South Yard (1801-1817)

Research & Collections

Although the South Yard was utilized as a service complex in the 18th and 19th centuries, Madison’s reconfiguration of the mansion was also mirrored in the South Yard.  Identified on a fire insurance map from 1837, the South Yard was comprised of three duplex-homes—or what are referred to as “Dwelling House for Servants”—and two smoke houses.  The South Kitchen, built in the mid-18th century is curiously absent, indicating that it was demolished sometime before 1837.

Archaeological investigations have been performed on the Southeast and Southwest Duplex-Homes, as well as preliminary investigations of the eastern smoke house.  These excavations revealed a series of stone and brick foundations on the two duplex-home structures that confirmed their size at 16 feet by 32 feet, or two rooms of 16 feet by 16 feet.  Each structure had a central chimney base, one of which was a classic Rumsford fireplace that provides definitive dating evidence for the South Yard structures—the only other Rumsford fireplace is seen in the wings of the mansion added in 1809-1812. We have used this evidence to recreate the timber frames of these structures in the South Yard today.

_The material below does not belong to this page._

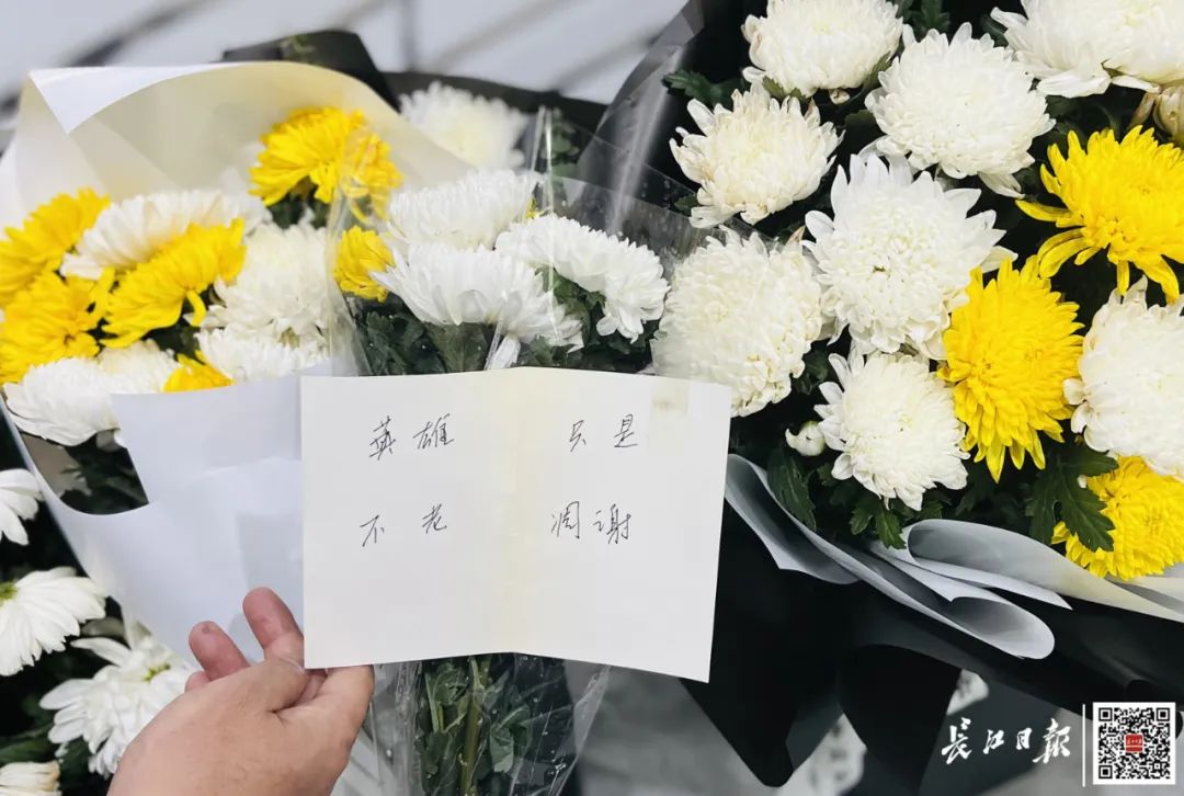 群众自发向光荣牺牲的邱建军献花。记者陈勇摄

The archaeological excavations also revealed evidence for pipes that were used to transport water to an unknown structure, perhaps a dairy, beyond the South Yard, and of a roasting pit used for preparing barbeque.

Yet the excavations were not just about buildings, water pipes or roasting pit, but the artifacts that would reveal more about the everyday lives of the enslaved domestic servants that lived and worked in the South Yard and the mansion.

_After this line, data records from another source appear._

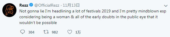 也有“性别歧视者”提出:“顶级音乐节不会让女性成为他们的Headliner”,所以Rezz的大概意思,也就是否认了那些“女性不能成为各大音乐节的Headliner”的说法。她用自己的行动告诉大家,女性确实也可以成为Headliner,间接“打脸”部分人的偏见。
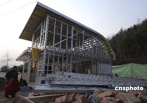 一座被四川災(zāi)民稱為“最牛的抗震房”春節(jié)前夕在地震受災(zāi)最重的北川縣永安鎮(zhèn)路邊崛起。這座由新加坡和成都合資公司建起的樣板房,采用新西蘭技術(shù),電腦設(shè)計,國產(chǎn)合金材料和抗壓裂建材,三室一廳兩層式,同類房屋已經(jīng)在泰國、伊朗和印尼災(zāi)區(qū)重建的廉價屋區(qū)廣泛應(yīng)用。中新社發(fā) 賈國榮 攝
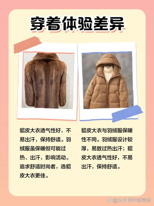 〖Three〗、貂皮大衣相比羽绒服更暖和。以下是关于两者保暖性的详细对比:保暖性能 貂皮大衣:貂皮大衣因其采用动物的绒毛制成,具有极佳的保暖性能。这些绒毛能够阻挡空气流动,有效减少身体热量的散发。貂皮的底绒厚薄是决定其保暖性的关键因素,优质的貂皮大衣通常具有较厚的底绒,因此保暖效果更佳。

Staff archaeologist Kira Runkle excavates the barbecue trench in the South Yard. Notice the reddened clay edges along the right side of the trench. Fires being built within the trench scorched the clay and transformed them into a brick-like consistency.

Overhead shot of excavations in the South Yard showing the two duplex structures fully revealed. Notice post holes for possible porch associated with duplex with brick chimney base.—December 2011.